[Exercise prompt]: After locating the line with "Женский купальник бикини", set down that line and all the lines that follow it, unchanged, to the end of the records; omit the pictures.

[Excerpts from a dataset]

--- START ---

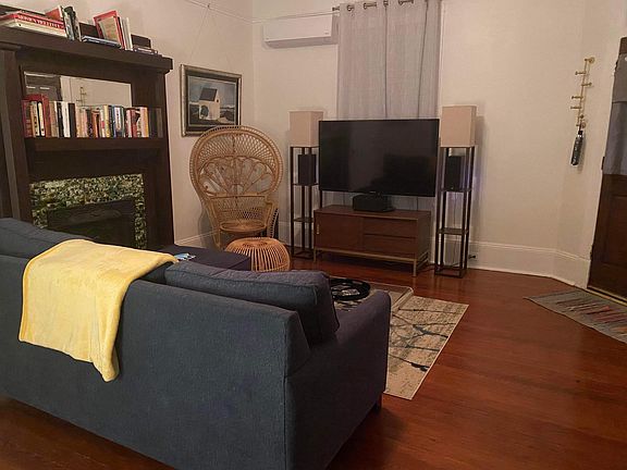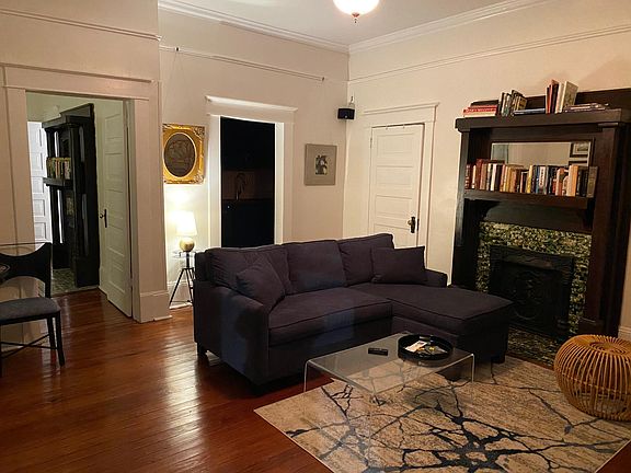Remodeled duplex with unique architectural features, built-ins, in-unit laundry, gas range, small fenced yard shared between units. Unit has an individual entry and porch sitting area Also includes 2in blinds, one off street parking space, electronic door lock, access to 4 on site - exterior Ring Security Cameras. All utilities included (gas, power + Wi-Fi)
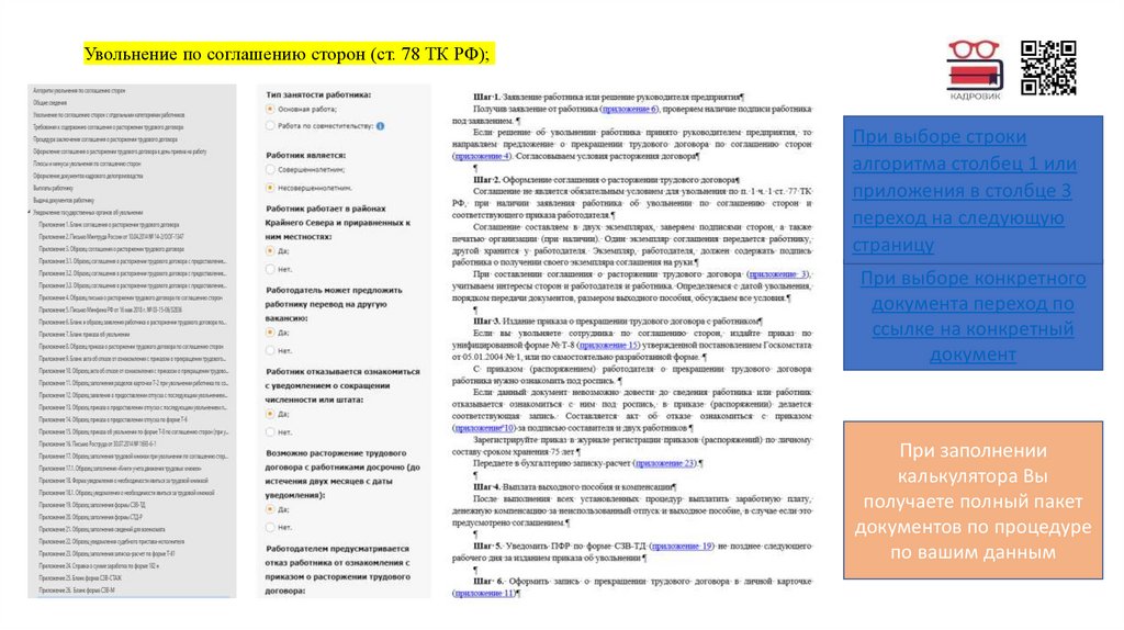 Увольнение по соглашению сторон (ст. 78 ТК РФ);При выборе строки
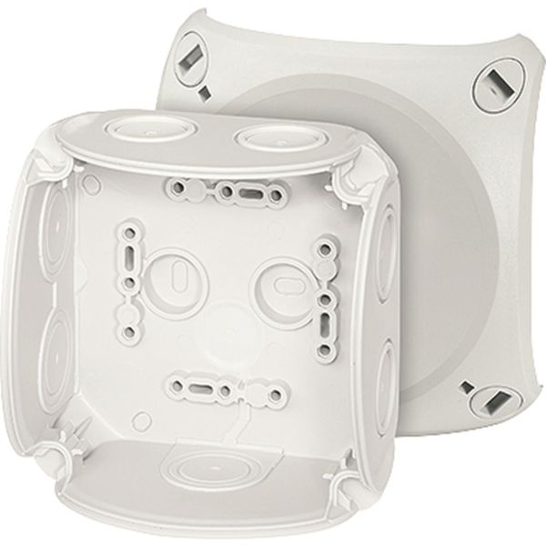Med en kabelinnføring på bunnen, lokkskruene er plomberbare uten tilbehør. Festebånd og utvendige fester for veggfesting følger med
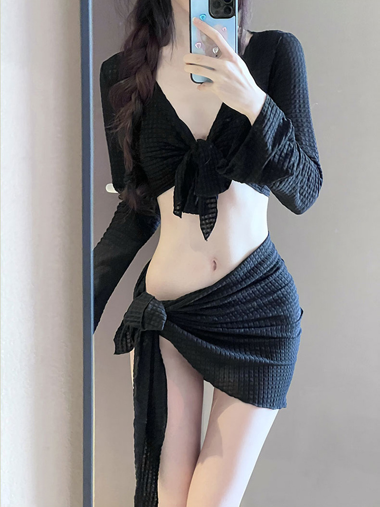 Женский купальник бикини 2025, новый комплект из четырех предметов, высококачественный сексуальный раздельный купальник с длинными рукавами, однотонный, для горячих источников
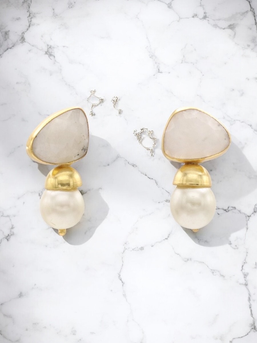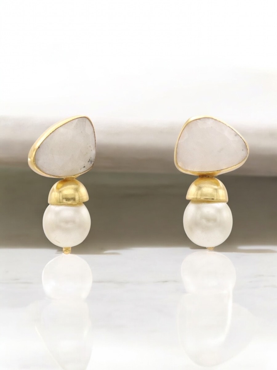 Unieke gouden oorbellen bestaande uit een facet-geslepen maansteen en grote zoetwaterparel. Een ideaal model voor je garderobe omdat het een basic is die je outfit tot een nieuw niveau kan tillen. Deze oorbellen zijn handgemaakt door de beste materialen te selecteren, om unieke, exclusieve en elegante stukken te verkrijgen.
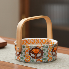新年干果盘高级感零食水果篮家用客厅茶几陶瓷手提篮伴手礼送女生

--- END ---

[Solution for this exercise]:
 Женский купальник бикини 2025, новый комплект из четырех предметов, высококачественный сексуальный раздельный купальник с длинными рукавами, однотонный, для горячих источников
 Unieke gouden oorbellen bestaande uit een facet-geslepen maansteen en grote zoetwaterparel. Een ideaal model voor je garderobe omdat het een basic is die je outfit tot een nieuw niveau kan tillen. Deze oorbellen zijn handgemaakt door de beste materialen te selecteren, om unieke, exclusieve en elegante stukken te verkrijgen.
新年干果盘高级感零食水果篮家用客厅茶几陶瓷手提篮伴手礼送女生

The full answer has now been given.